So which platform are you worried about that doesn't have TSO and
doesn't implicit membars for CAS? I'm asking because the only reason
those changes should help your problem is if they massively penalize the
operation.
Joerg
From: yamt@netbsd.org (YAMAMOTO Takashi)
To: gnats-bugs@NetBSD.org
Cc: lib-bug-people@netbsd.org, gnats-admin@netbsd.org, netbsd-bugs@netbsd.org,
yamt@NetBSD.org
Subject: Re: lib/49816: rtld internal lock vs fork
Date: Mon, 6 Apr 2015 16:23:38 +0000 (UTC)
> > when a thread does fork(2), some other thread might hold _rtld_mutex.

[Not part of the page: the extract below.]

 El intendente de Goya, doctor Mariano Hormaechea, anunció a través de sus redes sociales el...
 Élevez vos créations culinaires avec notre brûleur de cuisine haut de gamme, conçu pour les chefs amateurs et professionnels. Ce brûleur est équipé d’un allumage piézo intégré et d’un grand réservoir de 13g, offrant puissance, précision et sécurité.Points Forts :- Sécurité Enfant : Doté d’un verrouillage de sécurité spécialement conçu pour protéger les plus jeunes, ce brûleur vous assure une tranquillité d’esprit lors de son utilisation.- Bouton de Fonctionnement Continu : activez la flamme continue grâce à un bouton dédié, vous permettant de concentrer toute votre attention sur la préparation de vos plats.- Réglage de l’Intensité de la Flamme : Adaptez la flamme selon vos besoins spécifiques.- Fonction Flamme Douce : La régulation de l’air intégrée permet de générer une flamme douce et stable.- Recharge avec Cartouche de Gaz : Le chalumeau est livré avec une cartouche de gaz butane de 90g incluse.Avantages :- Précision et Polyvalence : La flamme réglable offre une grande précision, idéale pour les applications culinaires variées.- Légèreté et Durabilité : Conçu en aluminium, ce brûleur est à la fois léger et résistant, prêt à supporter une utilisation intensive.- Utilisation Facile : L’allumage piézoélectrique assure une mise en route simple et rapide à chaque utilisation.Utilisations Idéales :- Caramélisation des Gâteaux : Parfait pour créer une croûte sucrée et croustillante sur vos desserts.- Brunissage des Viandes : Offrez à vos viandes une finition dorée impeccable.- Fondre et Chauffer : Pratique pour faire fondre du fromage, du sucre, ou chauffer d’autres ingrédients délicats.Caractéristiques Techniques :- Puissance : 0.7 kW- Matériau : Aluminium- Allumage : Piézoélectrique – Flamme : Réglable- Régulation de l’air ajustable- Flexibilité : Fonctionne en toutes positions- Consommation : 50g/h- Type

> > in that case, the child process will likely deadlock soon because
> > of non-zero _rtld_mutex. i've observed the problem with open vswitch.
>
> Non-zero _rtld_mutex by itself should not be problem. The problem exists
> if another thread requires the exclusive lock. I do plan to rewrite rtld
> at some point to never require an exclusive lock for symbol look up, but
> that's far from trivial. In the old world before locking, you would just
> hit race conditions or not.
i agree on all points.
and, at least in my case, "another thread requires the exclusive lock"
actually happens.
YAMAMOTO Takashi
From: yamt@netbsd.org (YAMAMOTO Takashi)
To: gnats-bugs@NetBSD.org
Cc: lib-bug-people@netbsd.org, gnats-admin@netbsd.org, netbsd-bugs@netbsd.org,
yamt@NetBSD.org
Subject: Re: PR/49816 CVS commit: src/libexec/ld.elf_so
Date: Mon, 6 Apr 2015 16:41:01 +0000 (UTC)

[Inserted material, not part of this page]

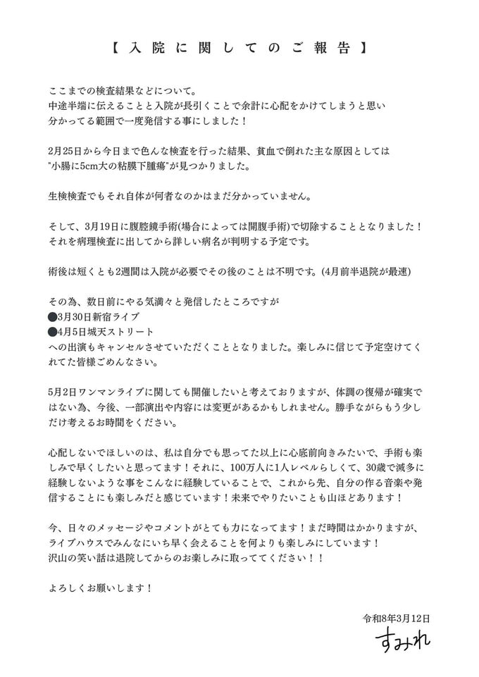 3月12日に、すみれさんは「【入院に関してのご報告】」と題した文書で「ここまでの検査結果などについて。中途半端に伝えることと入院が長引くことで余計に心配をかけてしまうと思い分かってる範囲で一度発信する事にしました!」と、投稿。

> The following reply was made to PR lib/49816; it has been noted by GNATS.
>
> From: Joerg Sonnenberger <joerg@britannica.bec.de>
> To: gnats-bugs@NetBSD.org
> Cc: lib-bug-people@netbsd.org, gnats-admin@netbsd.org,
> netbsd-bugs@netbsd.org, yamt@NetBSD.org
> Subject: Re: PR/49816 CVS commit: src/libexec/ld.elf_so
> Date: Mon, 6 Apr 2015 18:22:21 +0200
>
> On Mon, Apr 06, 2015 at 04:10:02PM +0000, YAMAMOTO Takashi wrote:
> > except that:
> > * _rtld_exclusive_exit doesn't use CAS
> > * this code is MI
> >
> > i agree that something like PTHREAD__ATOMIC_IS_MEMBAR
> > would be a nice optimization, though.
>
> So which platform are you worried about that doesn't have TSO and
> doesn't implicit membars for CAS? I'm asking because the only reason
> those changes should help your problem is if they massively penalize the
> operation.
well, can you explain why _rtld_exclusive_exit is safe
without cas or barrier?
YAMAMOTO Takashi
>
> Joerg
From: Joerg Sonnenberger <joerg@britannica.bec.de>
To: gnats-bugs@NetBSD.org
Cc:
Subject: Re: PR/49816 CVS commit: src/libexec/ld.elf_so
Date: Mon, 6 Apr 2015 20:16:22 +0200
On Mon, Apr 06, 2015 at 04:45:01PM +0000, YAMAMOTO Takashi wrote:
> The following reply was made to PR lib/49816; it has been noted by GNATS.
>
> From: yamt@netbsd.org (YAMAMOTO Takashi)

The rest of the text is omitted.